You should be able to fix it with IE specific style sheets... create a style sheet just read by IE (Internet Explorer) which amends the layout of the bits which are 'broken'.

To include a IE only style sheet, put this into the of your page:



NOTE: On the ie.css (IE style sheet) you only need to put the elements which need extra work for IE -- i.e. you don't need to copy everything from the main style sheet... IE will read main style sheet, and then read IE style sheet, and whatever is in IE style sheet will overrule anything in main style sheet...

So an example:
style.css:
#main
{
padding: 10px 20px 10px 20px;
}
#sub
{
padding: 10px;
}

ie.css
#main
{
padding: 10px 0px 10px 0;
}

You'll have Firefox having 10px 20px 10px 20px for #main, and IE will have 10px 0px 10px 0px. And both browsers will have 10px for #sub (even thou ie.css doesn't contain the #sub div it'll read from main style sheet)

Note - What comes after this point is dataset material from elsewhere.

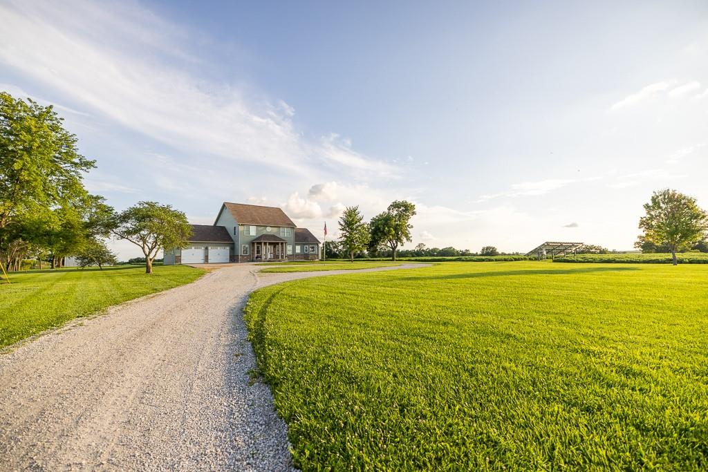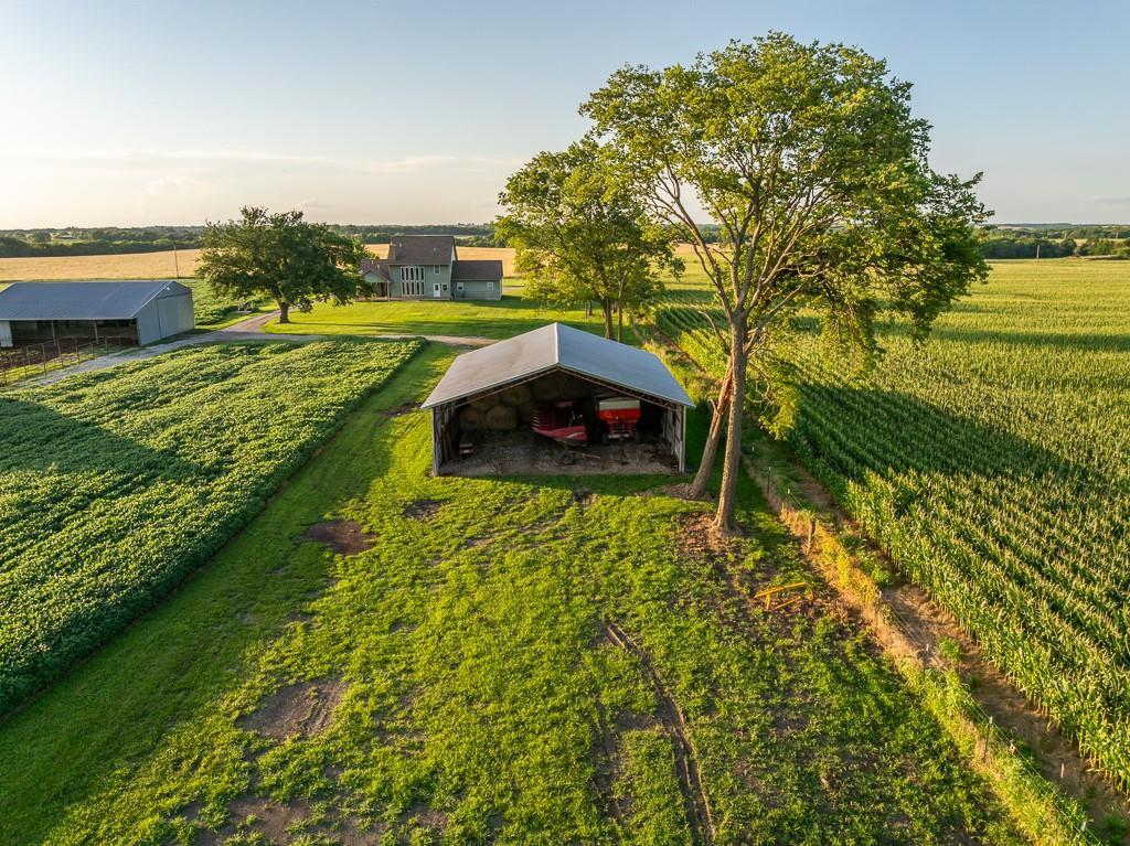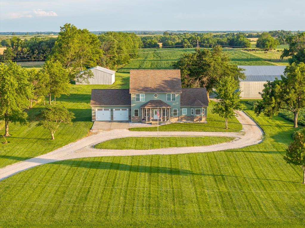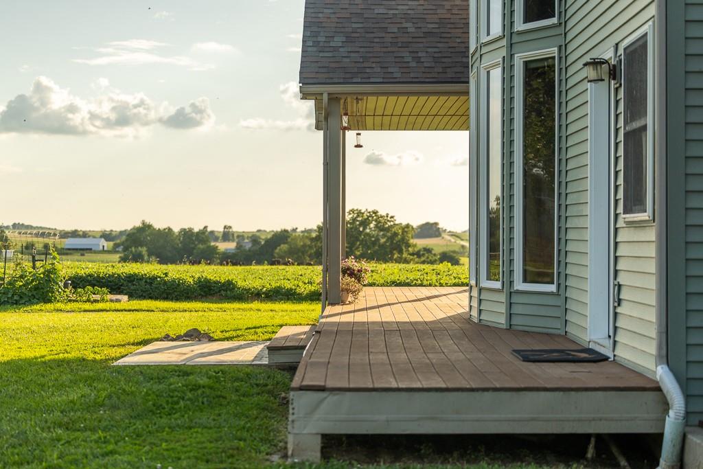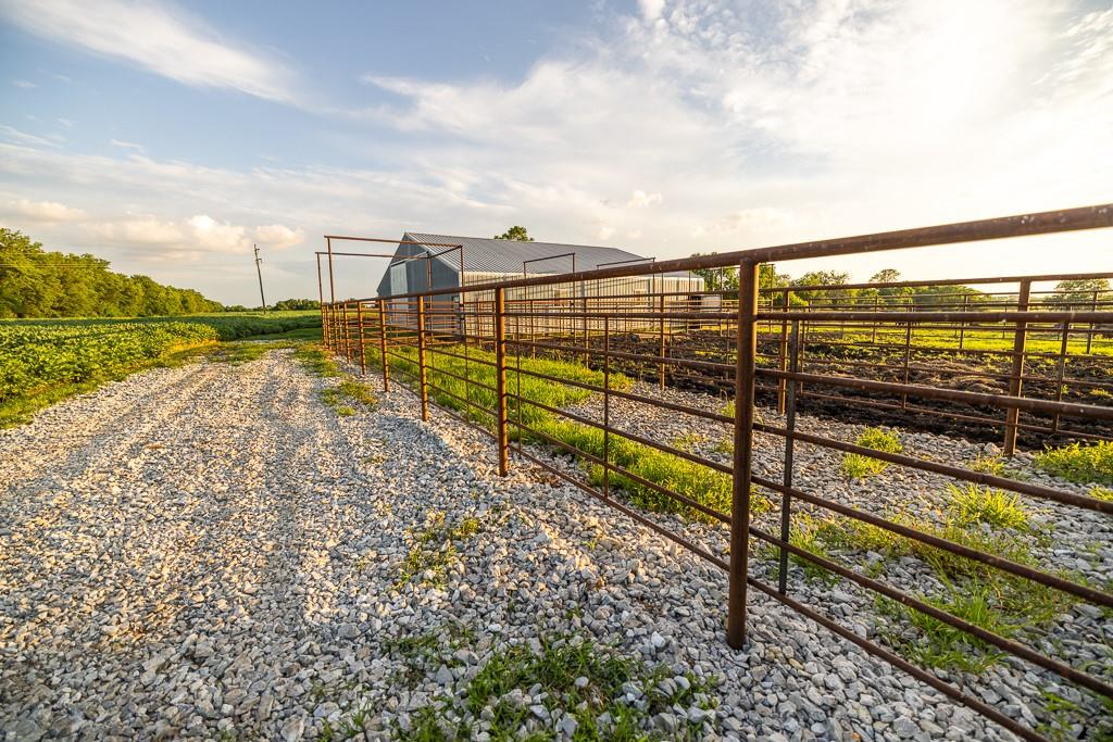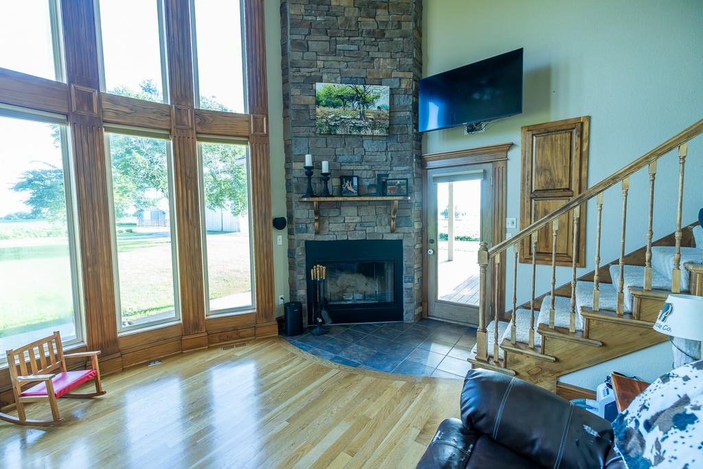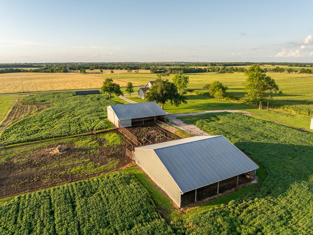 Nestled on 5 scenic acres east of Passaic on blacktop State Route D, this impressive 4-bedroom, 3-bath home offers the perfect blend of comfort, style, and functionality. Boasting 2,677 square feet across two stories, the home features high ceilings, hardwood floors, and detailed wood trim throughout, creating a spacious, light-filled layout. The main floor offers a large master suite and an open-concept kitchen complete with granite countertops, custom cabinetry, and a walk-in pantry. The upper level includes a loft-style common area and three generously sized bedrooms, perfect for family or guests. A walk-up unfinished basement offers flexibility for future expansion or storage, and the two-car garage adds practical convenience. Outside, enjoy the manicured lawn and large partially-covered deck, perfect for relaxing or hosting. A solar panel system adds energy efficiency and long-term value. For those with livestock or hobby farm dreams, the property is set up with two barns, a hay shed, and a welded pipe working system. The soil is very fertile, and outside the lawn, the ground is currently farmed. All of this is located in a quiet country setting just 50 minutes from the KC metro, and is within the Ballard School District. This well-maintained property checks all the boxes for rural living with modern convenience—don’t miss your chance to make it yours.

I hope that helps - if you need more specific what bits need changing, can you let me know what divs are where on the html (i.e. post html)

This is all assuming you're using CSS / Style sheets. But by the fact you mentioned 'tables' and 'text size' is varying, maybe you're not... if CSS/Style Sheets means nothing to you, please post a URL of your site, or the code.

Cheers


----------



## HowdeeDoodee (Aug 26, 2004)

Thank you for the response. I appreciate the time you took to make a reply. My web site url is http://findthepower.com/

I have never used style sheets but have many times toyed with the idea of using style sheets in the past. One of the reasons I tried to avoid style sheets was because I have thousands of web pages in various sub sites. If all I need to do is change the tags, I can now do so because I have a great html search and replace tool. I would appreciate your response after viewing the main web page above. Thank you again for your timely reply.


----------



## amanxman (Mar 28, 2006)

Hey,

I'd have to say your reason to avoid style sheets is probably the best reason to use style sheets.... if you have 1000s of pages, and need to change something, you just change one single aspect in a single style sheet, and voila, all changed on every page... anyway, it doesn't matter, just if you were interested in learning css/external style sheets, I would strongly recommend it 

Regarding your website in FF and IE, they look pretty similar to me - can't see any obvious font-size differences etc...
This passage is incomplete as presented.